Azure Storage: Behind the Scenes

Microsoft Azure continues to grow its presence in the public cloud market. But familiar as many administrators have become with the service, not everyone is aware of the way that its storage solution is structured. As the software-defined cloud-based storage solution for Azure, Microsoft Azure Storage supports Azure deployments, but what exactly is going on underneath its hood?  


It turns out that there is a lot more to storage than meets the eye. In this article, we will cover the various components that make up the Microsoft Azure Storage layer, detail how those components interact with each other, and show how Microsoft achieves the redundancy and high availability of its cloud service.

Azure Storage Services

Before we can begin the discussion, it is important to be familiar with the storage services that Microsoft offers:

  • Blob
  • Table
  • Queue
  • File
  • Disk Storage

Object storage — or Blob storage — contains blobs, which are basically files such as images, Virtual Hard Disks (VHDs), logs and database backups. These are stored in containers, which are similar to folders in a Windows file system. These blobs can be accessed from anywhere using URIs, REST APIs and Azure SDK Client libraries.

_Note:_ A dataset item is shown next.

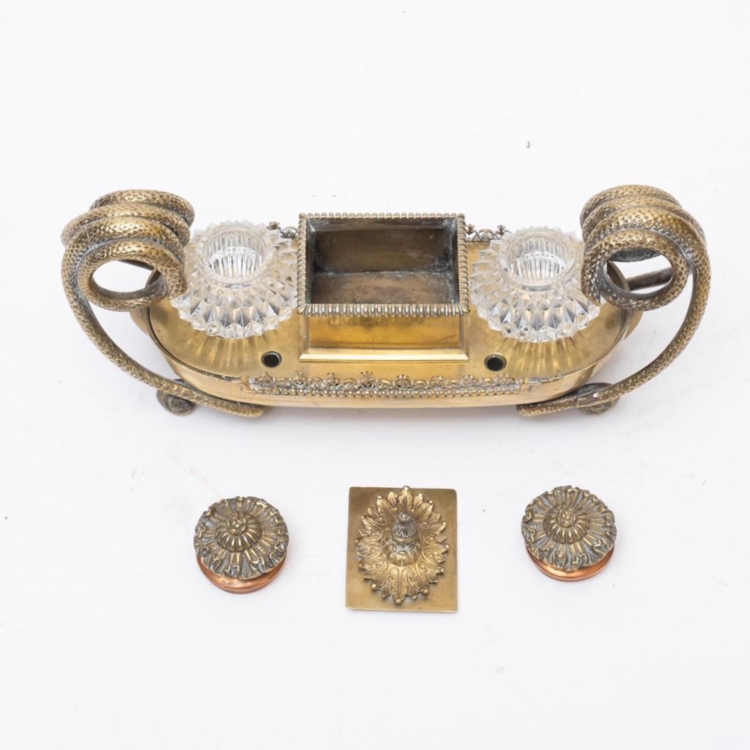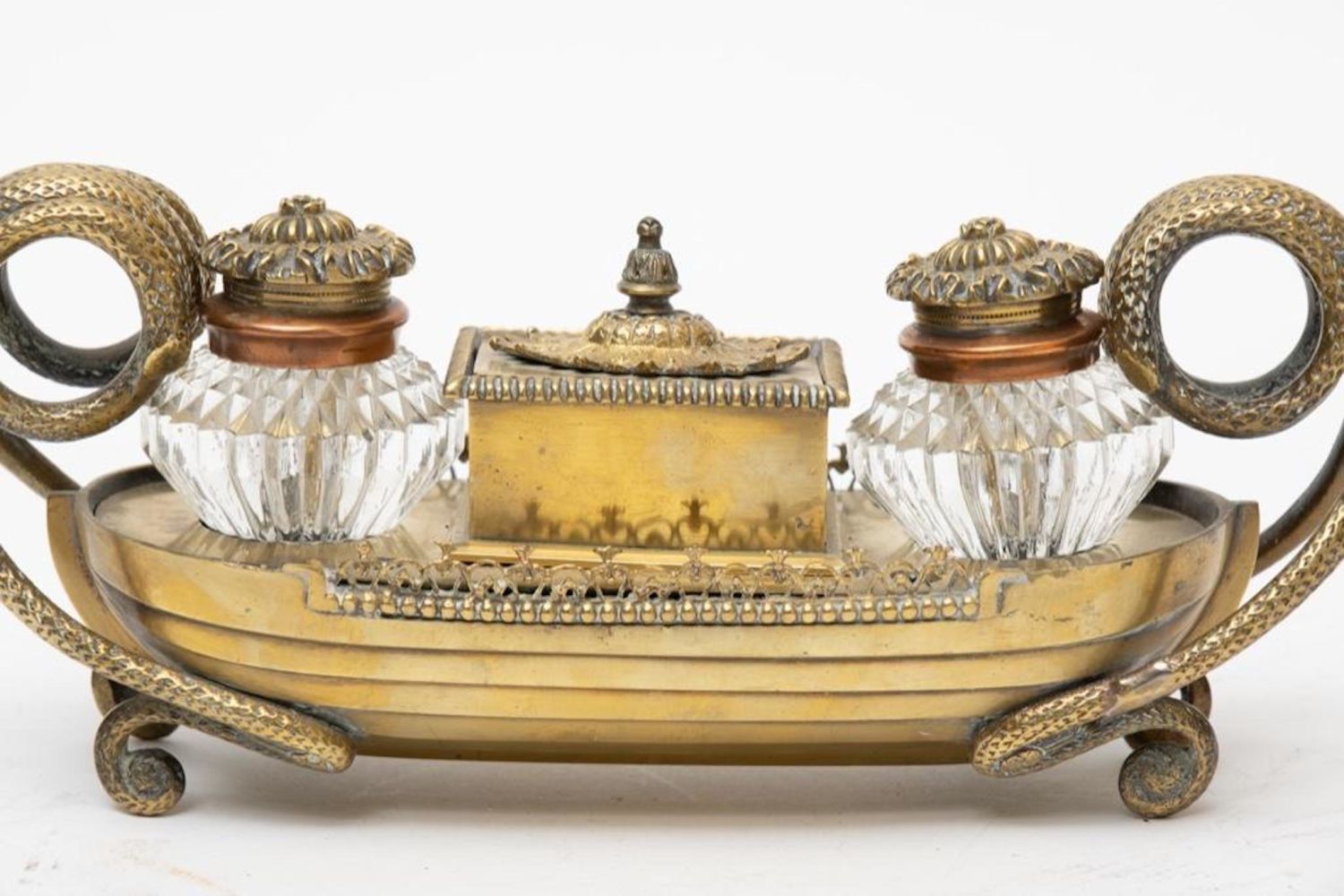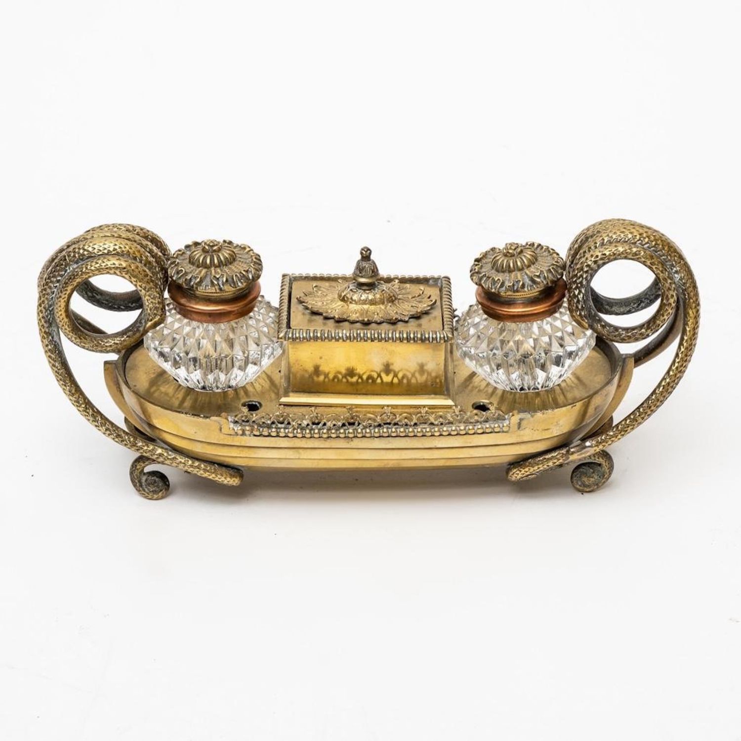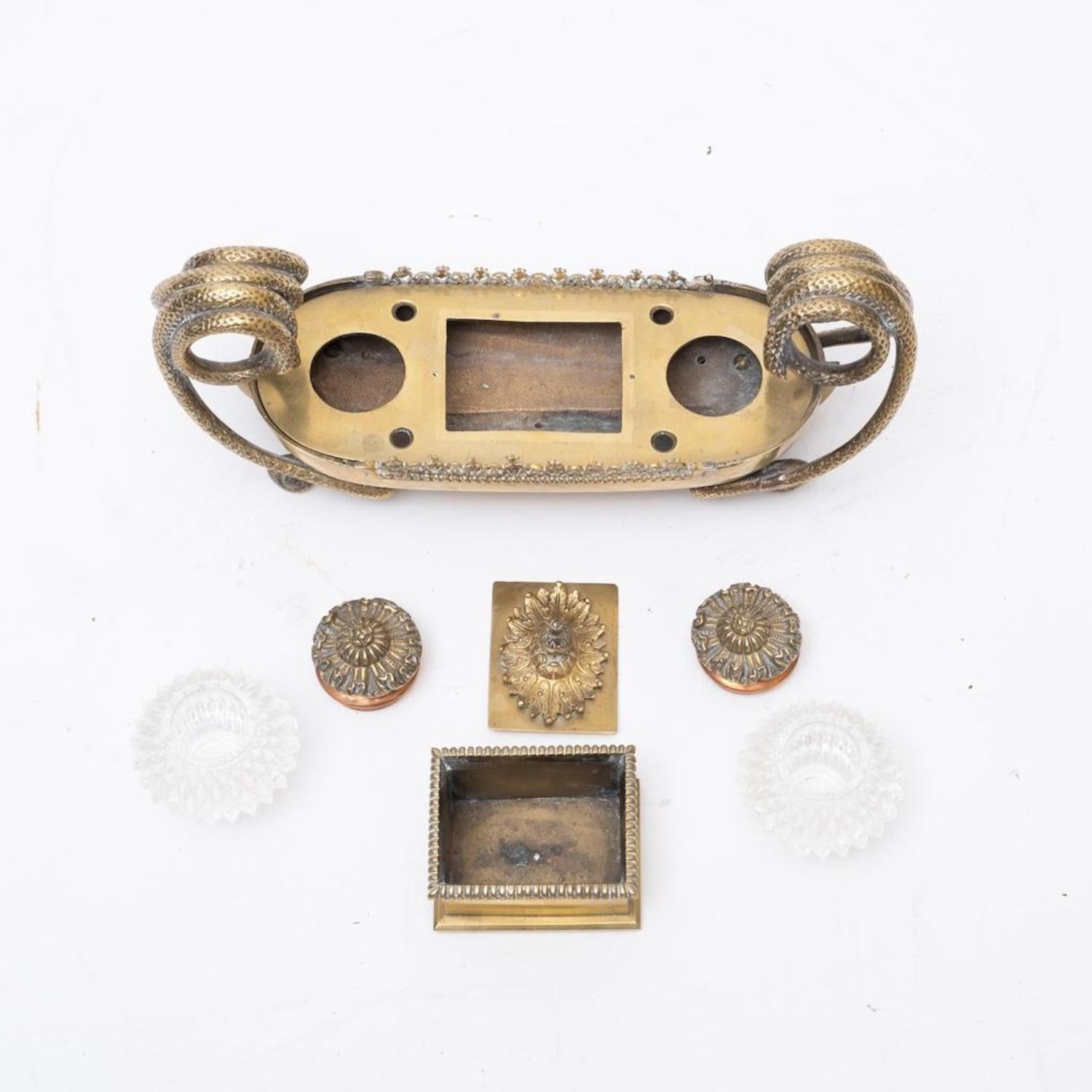Napoleonic empire bronze and glass desk set with inkwells and pen holes Circa 1840. No visible markings. Measures 11"W x 4.5"H x 3.25"D good condition overall

Table storage is an NoSQL service from Microsoft, where the data is stored in tabular format. Each row represents an identity and the columns represent the entity’s different properties.

Queue storage is used for message storage and retrieval. This service features RESTful APIs that allow you to build flexible applications and separate functions for better durability across large workloads.  


For file storage, Azure offers Azure File Storage. This is a fully managed file share service where the files can be accessed by Server Message Block (SMB) protocol and can be mounted by cloud or on-premises systems running on Windows, Linux and MacOS.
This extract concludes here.